In 2019, the Elf on the Shelf brand was extended to a live stage musical, Kellogg's food products, and activities at IHOP restaurants.

In 2023, the Lumistella Company partnered with Beaches Resorts to offer "V.I.E." ("very important elf", a reference to VIP) packages, "butler-curated perks at all three Beaches Resorts in Jamaica and Turks and Caicos".

As of 2023, Forbes estimated the Lumistella Company generated annual revenues of $100 million, while co-CEOs Bell and Pitts were estimated to have a personal fortune of around $50 million.

==Parodies==
In 2013, Neil Hoffman created the toy and book The Mensch on a Bench, featuring a plush Jewish mensch character.

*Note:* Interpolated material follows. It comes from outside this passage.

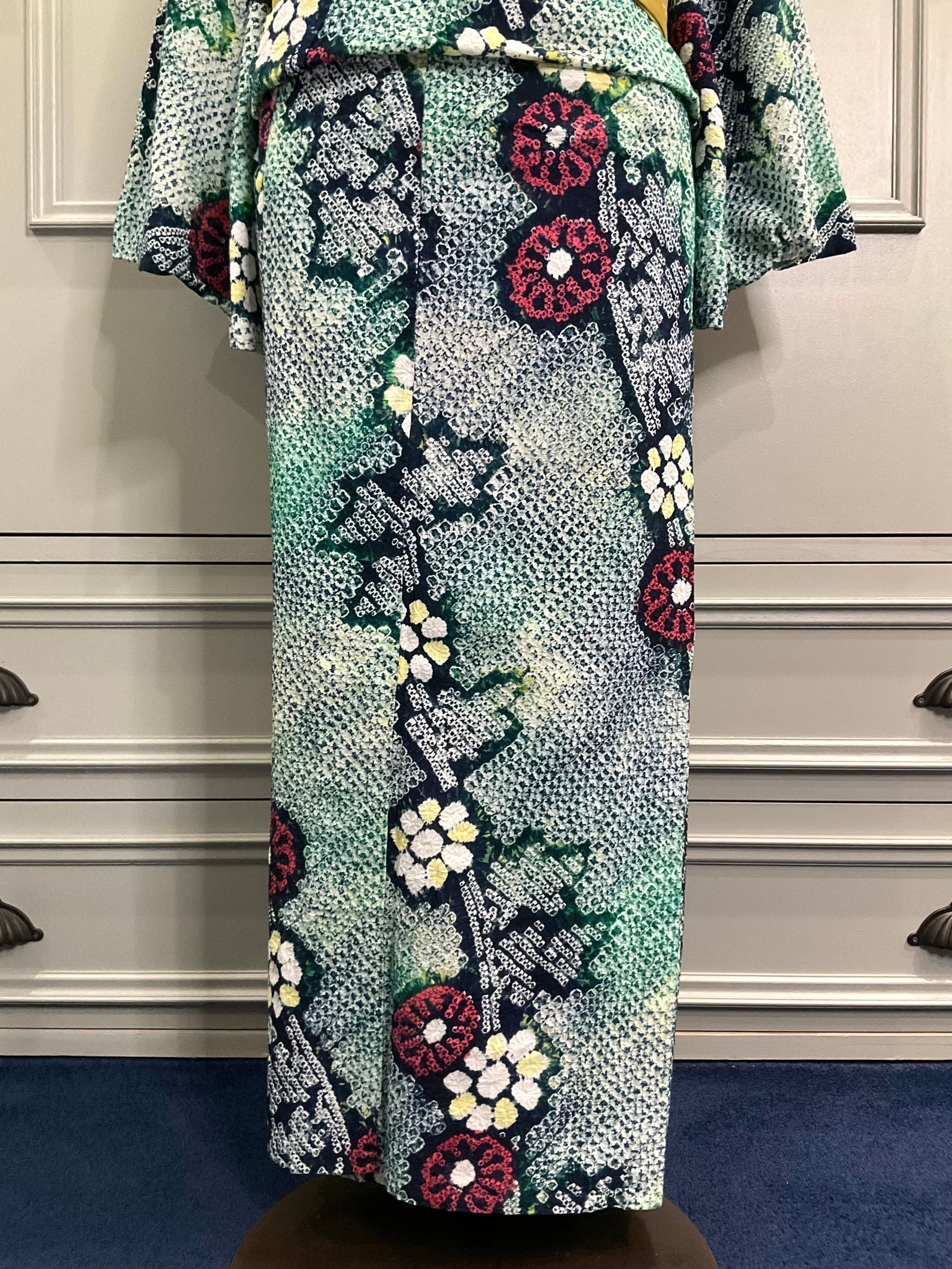 グリーン系の地色に、花模様がデザインされた、有松鳴海絞り浴衣です♪
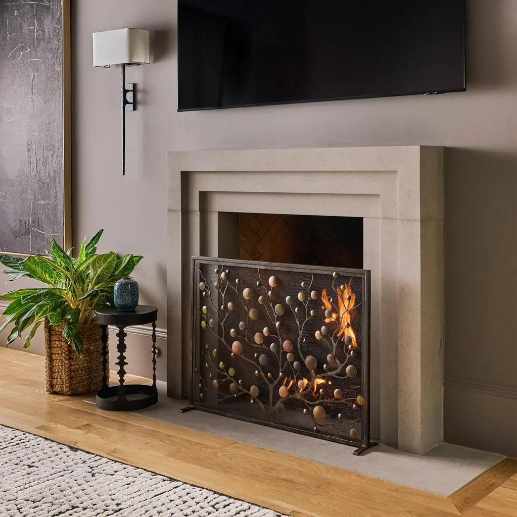 With its branching tree of life silhouette and richly patinated discs, the Origin Fireplace Screen makes a bold, sculptural statement. Each disc is hand-finished, offering unique variations in tone and texture that bring depth and character to the piece. The asymmetry feels deliberate yet effortless — a nod to the unpredictable beauty of nature reimagined through a mid-century modern lens. Captivating and expressive, Origin fits seamlessly into interiors that embrace organic modern design, layered textures, and artistic detail. It's not just a functional fireplace screen — it's a curated focal point that brings warmth, movement, and individuality to any space.PATINA WILL VARYMade in the United States by expert craftsmen, our screens are designed to fit seamlessly in with any setting. Each piece is unique, with slight variations, due to the artisan nature of our hand-applied finishing process. Handmade in the U.S.A., it ships in 6-8 weeks.

Other rhyming jokes became popular in internet memes in 2017, after a Tumblr user named "dankmemeuniversity" shared an image of an action figure of Ash Ketchum from Pokémon in a trash bin. It was captioned "You've heard of Elf on the Shelf, now get ready for...", encouraging other users to rhyme "Ash in the trash", an example of a snowclone. The post was reblogged over 180,000 times. Another Tumblr user, "Kawaii Rain", built on the joke with a picture of an action figure of Link from The Legend of Zelda in a sink. Over time, the meme spread beyond gaming references to other genres and celebrities.